The easiest way to service the cutter-head is to remove it from the ram.  The best way is to do that is to use a collet in the spindle to grip a section of round bar.  Turn the spindle vertical and bring the table and vise up to the bottom of the spindle, so that the vise supports the end of the spindle.  Clamp the other end of the bar in the vise and crank the table to the left as you back off the clamp bolts, jacking the cutter-head away from the ram.

With the cutter head off of the machine you can flush the bearings from the ends.  I like to use a recirculating pump to recycle kerosene and power flush.  You can use an automotive inline fuel filter to keep from circulating debris back into the bearings.  Use fresh kerosene for your final flushes.

_Cal_


----------



## Wilde Racing (Mar 1, 2013)

BTW Steve I see my daughter's bike in the background of your picture...

Cal thanks for the information. I guess I'll add head flush and cleaning to my long list of stuff to do.


----------



## ScubaSteve (Mar 2, 2013)

Man, I was waiting for that!:rofl:  I guess the secret is out....I'm not a professional...LOL. Just an old iron aficionado. 

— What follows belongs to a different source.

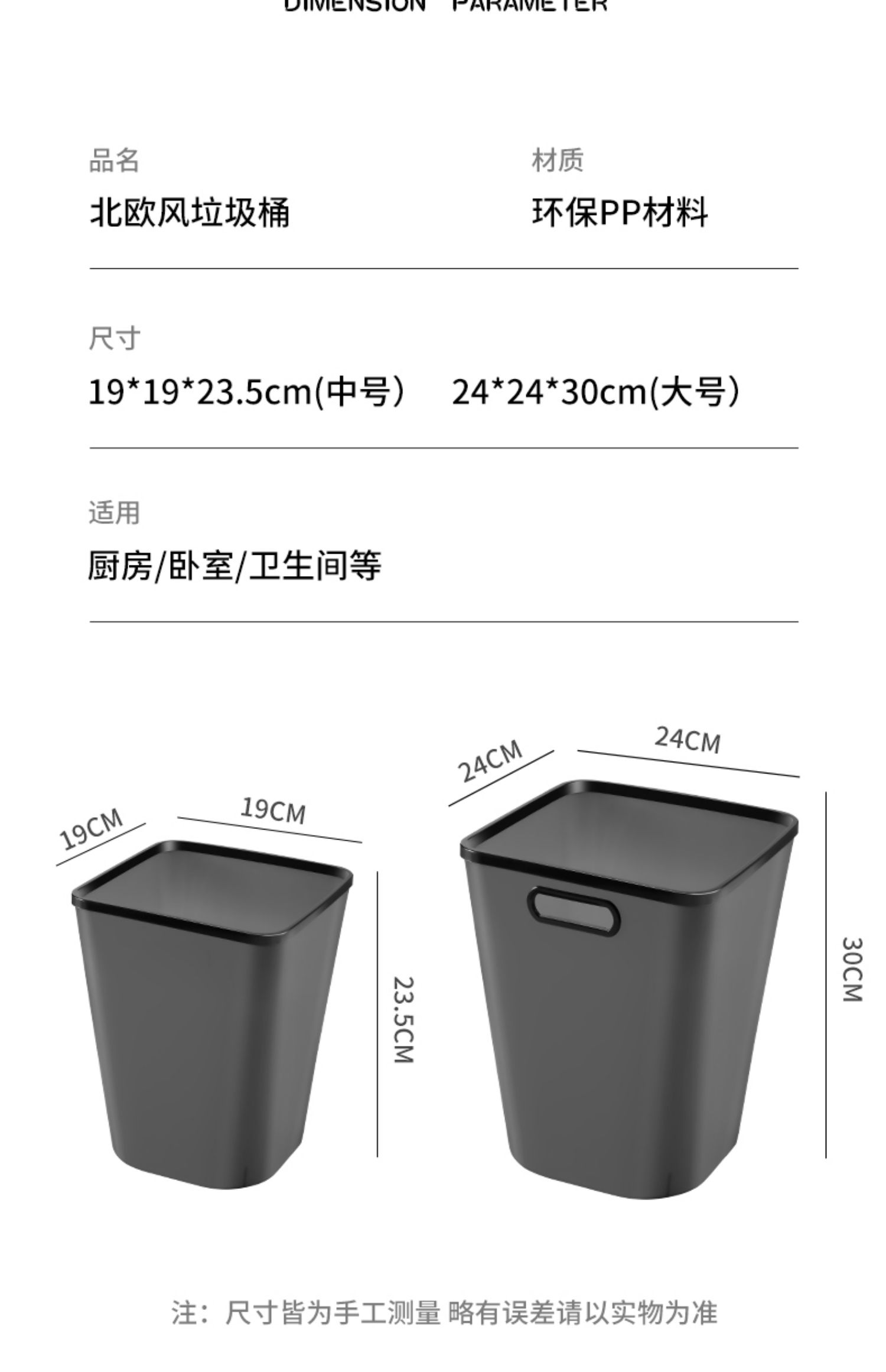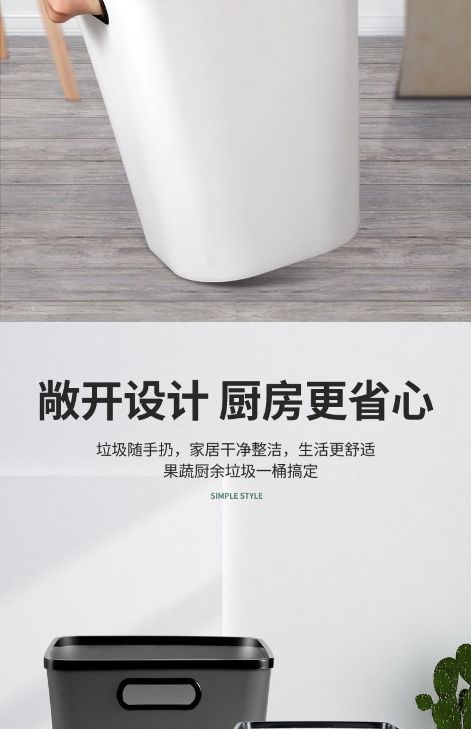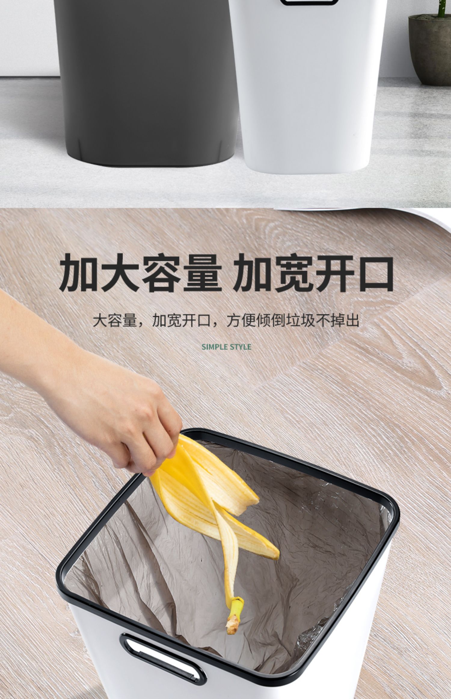 【赠运费险】北欧简约新生活必备垃圾桶,历史神价只卖一天,压圈设计,防止袋子下滑,健康材质,无异味,16升加大容量,加宽开口,方便倾倒垃圾~
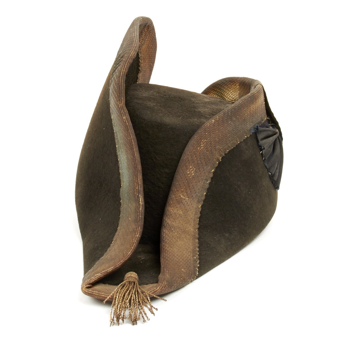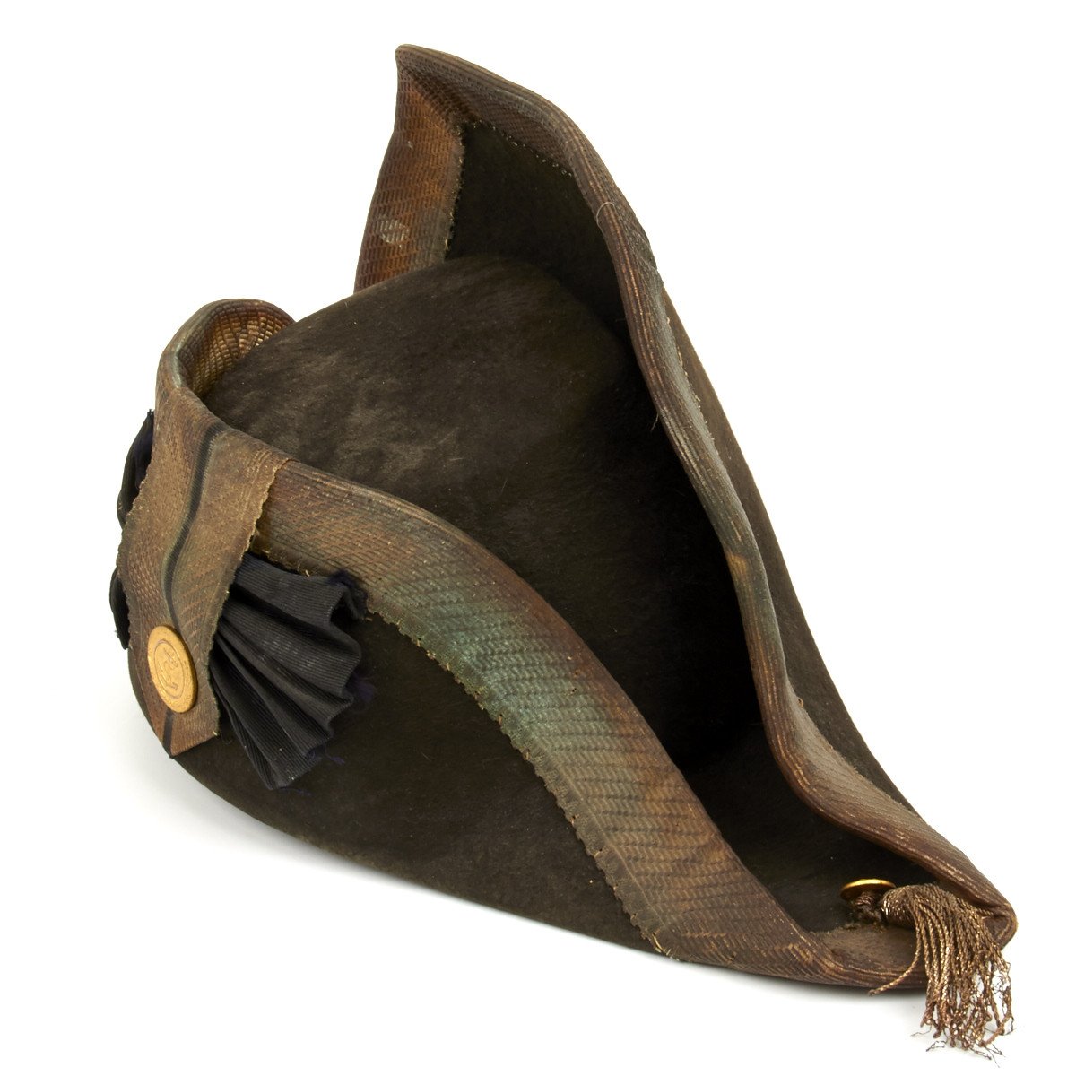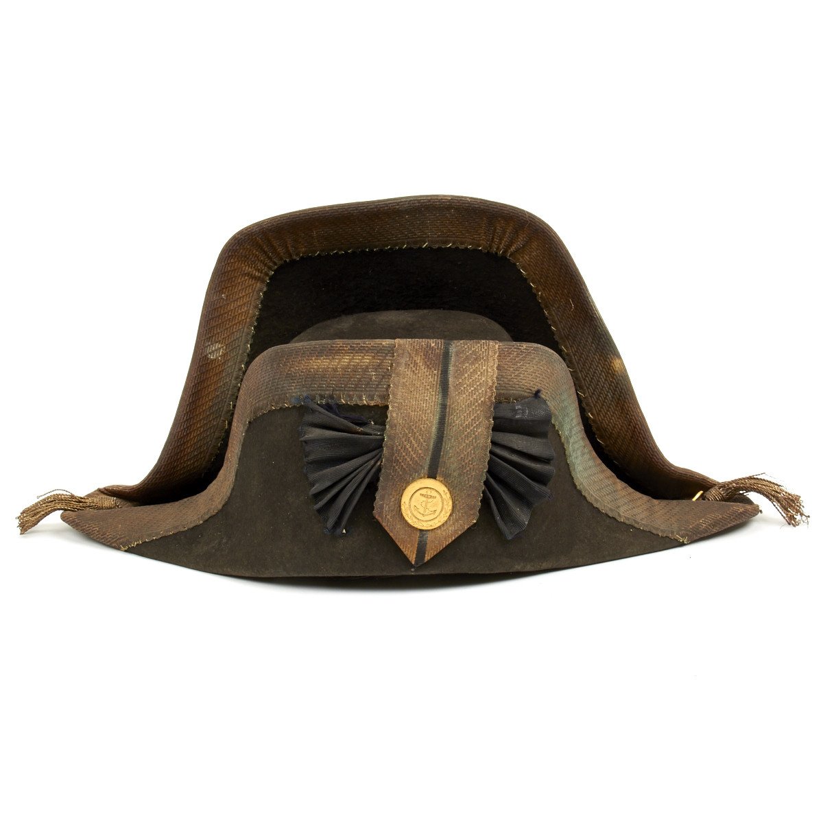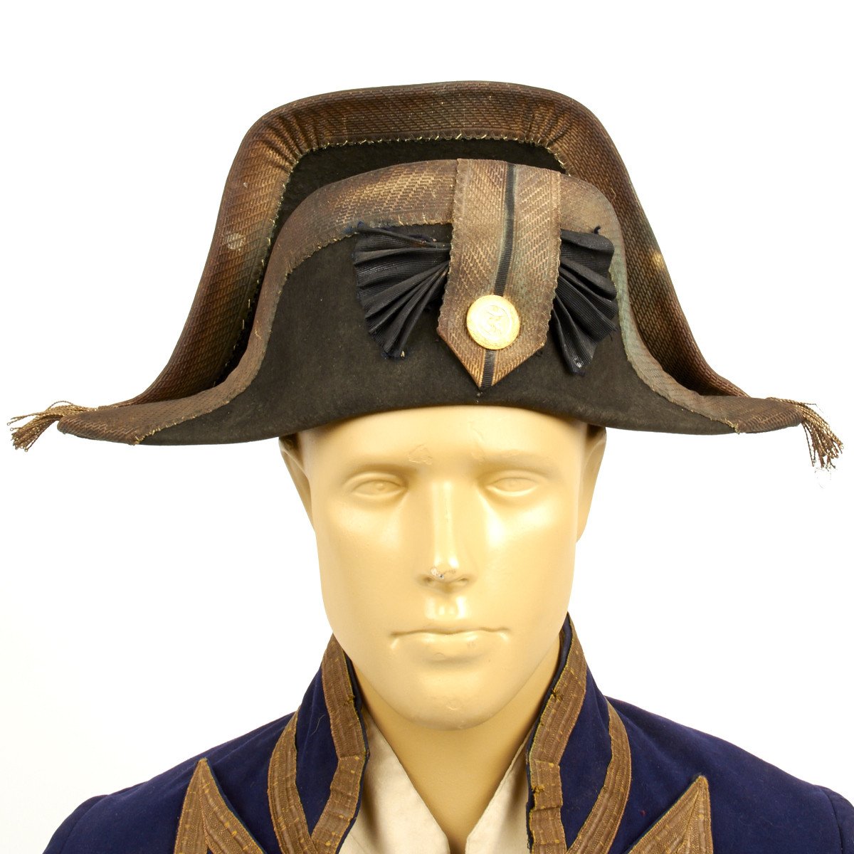 - Officer's cocked hat worn left to right showing gold braid, correct Naval gilt button and pleated ribbon cockade.

Cal, thanks for that GREAT info. I will be moving in a few months, and currently have the machine broken down into its major assemblies. I will probably not repaint before moving it, since it is likely to get some dings en route....but I will definitely clean, flush, and relube so that it is in prime condition when I get it back together. 

I'm digging this thread!


----------



## Wilde Racing (Mar 3, 2013)

A little update, I found a very broken and repaired lead screw support and the table has a small chuck missing around the bolt hole...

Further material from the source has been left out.